# [YOUR INSTRUCTIONS]
Return, without anything added, the lines from the one containing "十八大会拉帷幕,党的事业谱新" through the end of the entries below, exactly as written.

________________

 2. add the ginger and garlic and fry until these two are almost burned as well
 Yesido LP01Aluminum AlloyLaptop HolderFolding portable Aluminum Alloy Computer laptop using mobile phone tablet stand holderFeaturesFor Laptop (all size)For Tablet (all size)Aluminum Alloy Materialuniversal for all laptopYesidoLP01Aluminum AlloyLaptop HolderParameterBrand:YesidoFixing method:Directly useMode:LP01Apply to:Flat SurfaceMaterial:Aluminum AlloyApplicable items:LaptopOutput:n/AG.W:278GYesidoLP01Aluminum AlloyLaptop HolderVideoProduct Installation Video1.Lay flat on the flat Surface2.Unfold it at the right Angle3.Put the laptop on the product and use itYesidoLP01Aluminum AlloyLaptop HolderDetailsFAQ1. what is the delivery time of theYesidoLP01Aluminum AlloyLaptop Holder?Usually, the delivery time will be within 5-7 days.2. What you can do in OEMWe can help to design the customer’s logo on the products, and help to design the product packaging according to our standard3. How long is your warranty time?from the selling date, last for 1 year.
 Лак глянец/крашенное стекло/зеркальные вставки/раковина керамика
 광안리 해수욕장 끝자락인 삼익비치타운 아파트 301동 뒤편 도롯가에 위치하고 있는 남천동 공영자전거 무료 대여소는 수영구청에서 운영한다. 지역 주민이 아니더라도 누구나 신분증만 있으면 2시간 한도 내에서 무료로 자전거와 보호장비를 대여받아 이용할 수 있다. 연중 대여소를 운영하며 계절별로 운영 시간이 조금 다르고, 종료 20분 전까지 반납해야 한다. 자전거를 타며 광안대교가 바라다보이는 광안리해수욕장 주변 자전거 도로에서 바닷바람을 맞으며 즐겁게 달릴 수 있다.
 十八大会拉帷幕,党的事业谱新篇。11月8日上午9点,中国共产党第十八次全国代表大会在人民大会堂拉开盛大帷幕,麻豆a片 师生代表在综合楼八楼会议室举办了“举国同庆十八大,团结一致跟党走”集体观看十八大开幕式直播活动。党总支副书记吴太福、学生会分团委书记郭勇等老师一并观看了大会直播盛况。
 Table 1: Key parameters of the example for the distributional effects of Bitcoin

________________

# [TASK RESPONSE]
 十八大会拉帷幕,党的事业谱新篇。11月8日上午9点,中国共产党第十八次全国代表大会在人民大会堂拉开盛大帷幕,麻豆a片 师生代表在综合楼八楼会议室举办了“举国同庆十八大,团结一致跟党走”集体观看十八大开幕式直播活动。党总支副书记吴太福、学生会分团委书记郭勇等老师一并观看了大会直播盛况。
 Table 1: Key parameters of the example for the distributional effects of Bitcoin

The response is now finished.